EXERCISE DETAILS -
Considering the entries that follow, report how many lines include the string "features", giving the number alone.

(Stored entries)
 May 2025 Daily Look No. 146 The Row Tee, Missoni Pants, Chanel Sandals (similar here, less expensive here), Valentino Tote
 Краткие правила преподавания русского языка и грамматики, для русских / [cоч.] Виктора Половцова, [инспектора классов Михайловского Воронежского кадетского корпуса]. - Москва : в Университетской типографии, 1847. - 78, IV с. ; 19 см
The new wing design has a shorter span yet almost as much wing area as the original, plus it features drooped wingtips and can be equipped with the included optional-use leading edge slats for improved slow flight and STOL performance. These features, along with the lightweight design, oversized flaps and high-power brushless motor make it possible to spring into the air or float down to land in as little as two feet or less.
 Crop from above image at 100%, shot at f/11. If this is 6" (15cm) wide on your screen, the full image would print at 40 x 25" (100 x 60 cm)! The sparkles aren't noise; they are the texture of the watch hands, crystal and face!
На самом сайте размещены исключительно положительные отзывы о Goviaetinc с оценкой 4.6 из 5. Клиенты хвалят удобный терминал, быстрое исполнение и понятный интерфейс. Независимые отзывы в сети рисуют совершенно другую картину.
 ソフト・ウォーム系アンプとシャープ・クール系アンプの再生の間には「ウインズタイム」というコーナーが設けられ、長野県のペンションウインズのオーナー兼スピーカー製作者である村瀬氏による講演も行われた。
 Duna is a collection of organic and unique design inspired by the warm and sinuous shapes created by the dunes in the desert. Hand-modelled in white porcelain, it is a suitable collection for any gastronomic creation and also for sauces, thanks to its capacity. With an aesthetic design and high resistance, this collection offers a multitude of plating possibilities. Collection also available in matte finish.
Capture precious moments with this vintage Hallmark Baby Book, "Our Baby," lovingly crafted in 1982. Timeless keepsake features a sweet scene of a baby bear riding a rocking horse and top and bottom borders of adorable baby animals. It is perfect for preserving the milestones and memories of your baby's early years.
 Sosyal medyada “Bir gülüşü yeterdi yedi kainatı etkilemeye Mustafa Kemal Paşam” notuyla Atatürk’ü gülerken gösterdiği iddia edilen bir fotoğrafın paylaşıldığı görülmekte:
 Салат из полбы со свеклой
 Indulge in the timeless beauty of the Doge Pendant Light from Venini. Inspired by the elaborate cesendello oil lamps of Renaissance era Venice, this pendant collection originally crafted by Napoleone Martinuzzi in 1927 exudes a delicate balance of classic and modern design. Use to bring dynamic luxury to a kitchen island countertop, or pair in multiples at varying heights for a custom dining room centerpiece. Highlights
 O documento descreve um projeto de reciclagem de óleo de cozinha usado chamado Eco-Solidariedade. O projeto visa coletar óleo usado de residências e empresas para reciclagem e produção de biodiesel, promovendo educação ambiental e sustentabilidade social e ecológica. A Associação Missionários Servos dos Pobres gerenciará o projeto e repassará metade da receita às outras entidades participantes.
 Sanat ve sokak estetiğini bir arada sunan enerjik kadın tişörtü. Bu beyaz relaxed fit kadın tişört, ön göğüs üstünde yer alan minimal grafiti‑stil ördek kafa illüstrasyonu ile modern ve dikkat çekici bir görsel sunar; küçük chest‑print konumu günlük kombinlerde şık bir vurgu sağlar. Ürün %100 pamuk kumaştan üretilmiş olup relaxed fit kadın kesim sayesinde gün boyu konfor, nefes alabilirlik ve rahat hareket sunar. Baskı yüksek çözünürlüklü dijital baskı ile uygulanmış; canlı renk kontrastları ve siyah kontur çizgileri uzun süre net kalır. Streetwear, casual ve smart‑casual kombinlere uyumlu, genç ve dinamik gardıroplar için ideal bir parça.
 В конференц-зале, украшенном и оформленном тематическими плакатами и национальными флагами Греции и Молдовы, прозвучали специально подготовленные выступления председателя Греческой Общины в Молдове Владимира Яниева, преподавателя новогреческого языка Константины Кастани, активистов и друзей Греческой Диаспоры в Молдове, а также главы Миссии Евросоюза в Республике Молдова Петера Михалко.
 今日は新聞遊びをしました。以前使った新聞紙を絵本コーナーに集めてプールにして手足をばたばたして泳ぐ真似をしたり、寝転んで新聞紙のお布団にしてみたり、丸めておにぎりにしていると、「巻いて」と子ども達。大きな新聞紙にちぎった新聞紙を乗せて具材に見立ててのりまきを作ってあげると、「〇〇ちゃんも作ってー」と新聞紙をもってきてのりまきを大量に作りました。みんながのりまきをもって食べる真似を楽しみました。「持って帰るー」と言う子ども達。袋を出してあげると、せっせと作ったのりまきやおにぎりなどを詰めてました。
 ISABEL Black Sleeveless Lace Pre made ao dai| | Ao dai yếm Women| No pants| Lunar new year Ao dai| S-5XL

ANSWER SECTION -
2